My Daughter's Relapse and Another Heartbreaking Mother's Day

Substance abuse counselor and mother grapples with daughter's relapse

As a professional family substance abuse counselor I have been writing blogs, articles and lecturing for many years. I doubt however, if I would be the complete clinician if I did not walk in many of your shoes, sharing the same trials and tribulations, victories and successes that you may have experienced with your loved one. Though we don't know each other, we know each other very well. Because of that special bond, I wish to share this story with you not as a clinician, but as mother and parent.

A few months ago, I believe my daughter had a relapse. I could tell by her irresponsible behavior, broken dinner engagements and a just checked out demeanor. When we discussed it, her answer to me was that she wasn't one of my clients and back off. Our relationship grew more unstable than ever before and climaxed with just a proverbial text for Mother's Day. How sad for both of us.

My daughter (let's call her Lucy) was and is a beautiful woman of 21. Though every mother thinks their child is beautiful, Lucy really is. Almost 6 ft. tall, a knockout figure, dark straight hair, olive skin and almond shaped smoldering eyes. She could have easily been a model. I can say this, as she is adopted, so I had nothing to do with her amazing looks. However, this beautiful young lady is covered with tattoos scattered about her body with little or no thought as to what she is permanently inking. One looks like a car engine and is supposed to be a music box; another is an Alligator eating a baby! Her ear lobes sport gages that are so big, the middle part of a sugar ice cream cone would fit comfortably through it.
Though I'm not thrilled that Lucy has decided to permanently use her body as a grease board, it does not make me love her any less.

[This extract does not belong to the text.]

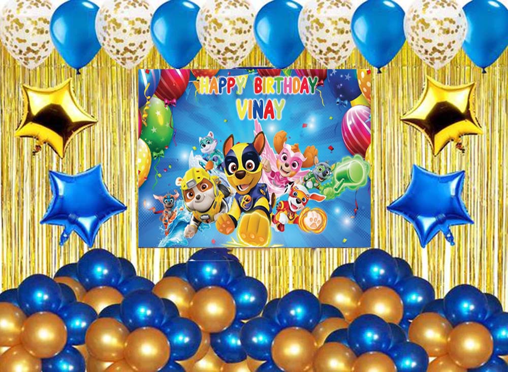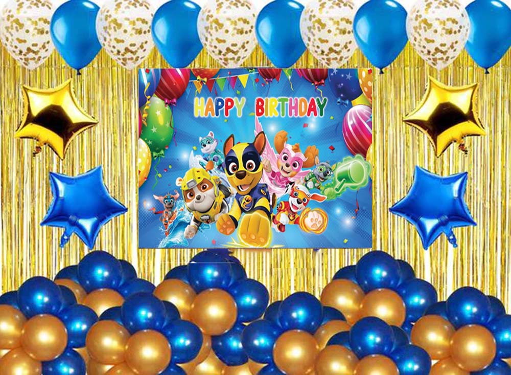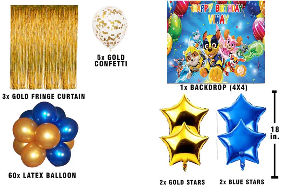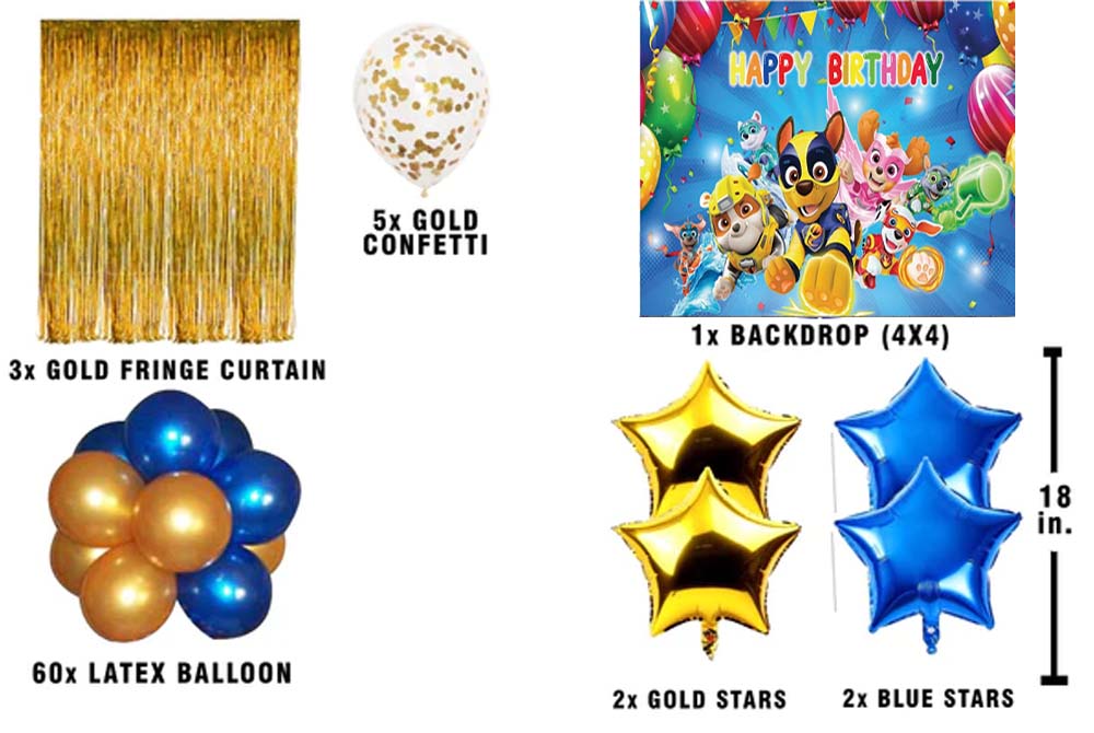 - Package Includes -2 Pcs Gold Fringe curtains; 1 Paw Patrol birthday backdrop- Size 4 by 4 ft. 60 pc latex balloons (Golden and Blue - 30 each); 5 pc gold confetti ,2-star gold and 2 Blue star 18"inch.

From an early age, Lucy started pulling out her hair. Defiant toward teachers and combative at every turn toward her father and me, Lucy would fly into uncontrollable temper tantrums. By the time the 7th grade rolled around, Lucy could not attend the public school system and was sent to alternative schools in and out of California that specialized in behavioral issues. I honestly don't know when the dabbling into drugs took effect, but dabbling quickly turned into addiction. Lucy became a garbage pail for any drug from acid to mushrooms to heroin. Cutting and anorexic behavior became the norm as well.

Lucy managed to graduate from high school and opted to live with her birth grandparents in Oregon. Our communication at that time was tense and volatile and I had no idea if she was clean and sober or continuing with her addiction. She made it clear that she had no interest in considering any of my suggestions for continued education, career choices or even sober living options.

After a few years of doing little but lying on the couch, Lucy moved down to Los Angeles and reconnected with some family members professing that she needed a fresh beginning for her life. I was not part of this decision because I would have seen it as manipulative and covert. She swore that she was clean and sober, and these family members embraced her with open arms. Sadly, sobriety was the last thing on her mind, and so started the revolving door of rehabs and sober living housing.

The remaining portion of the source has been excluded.